Ironically, someone with a higher FICO score will see a bigger drop as the result of a bankruptcy than someone with a lower score. In a mock scenario released by FICO in 2010, they compared two hypothetical scenarios: one person with a 780 and one person with a 680, both of whom file for bankruptcy. The person with the higher score lost 240 points while the person with the lower score lost only 150, leaving them both with scores in the mid 500s.

However, bankruptcy usually occurs after a long stretch of failing to pay bills on time, so, it is likely that late payments already negatively affected your score by the time that you file.

How Many Accounts Are Involved?

The more accounts that are included in your bankruptcy, the larger the effect on your credit score. The discharged debts each count as a negative filing. However, these will drop off your credit record seven years after filing, so, your credit rating will start to improve even before the bankruptcy is gone from your credit records.
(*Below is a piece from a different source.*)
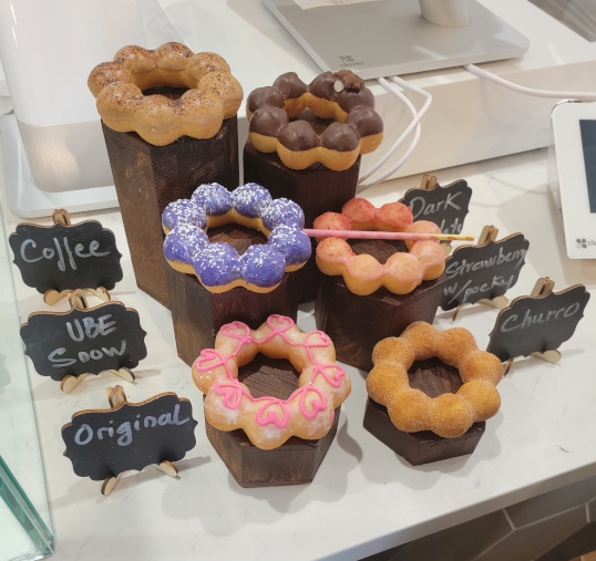 The other day I wrote about having to drive between two donut stores on the way to work every day. Due to medical conditions I can’t eat donuts… not even one. I’m used to that, but still I can dream. I am especially interested in the one on the south – a new Japanese fusion donut shop called Mochinut. The donuts look like a circular string of donut holes and are made with rice flour. Best of all, they come in tantalizingly oddly different flavors.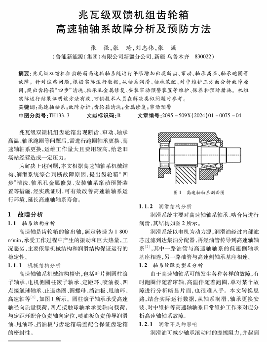 兆瓦级双馈机组齿轮箱高速轴轴系故障分析及预防方法

How Long Ago Was the Bankruptcy?

A Chapter 13 bankruptcy filing stays on your credit record for seven years, while a Chapter 7 bankruptcy stays for 10. The longer it has been since you filed and the more responsible you have been in the interceding time, the less your bankruptcy will depress your credit score.

Rebuilding After Bankruptcy

After a bankruptcy, you can rebuild your credit and achieve goals that include a home purchase. Some methods to use during your credit repair journey to improve your score:

  • Review your credit reports. Make sure that all debts that were discharged in the bankruptcy are reflected accurately. As many as 79% of all credit reports have at least one error, so, it is worth it to check.
  • Pay every bill on time. Late payments can snowball and destroy your credit over time. Try automating payments so you never forget one.
  • Look for a secured credit card. Cautiously add revolving loans so that you can show creditors that you can be trusted with credit.
  • Use cards sparingly but regularly. Build up a regular habit of responsible use. One good way to do this is to charge a small, regular bill like a gym membership to your card and pay it off in full each month.
  • Do not close old credit card accounts. If you have any credit card accounts from before your bankruptcy, keep them open. The age of your credit accounts is a factor in your credit score, and the older your accounts, the better.

While a bankruptcy is a challenge, it is not the end of your financial life. Educate yourself about your credit, and carefully rebuild to restore your financial future.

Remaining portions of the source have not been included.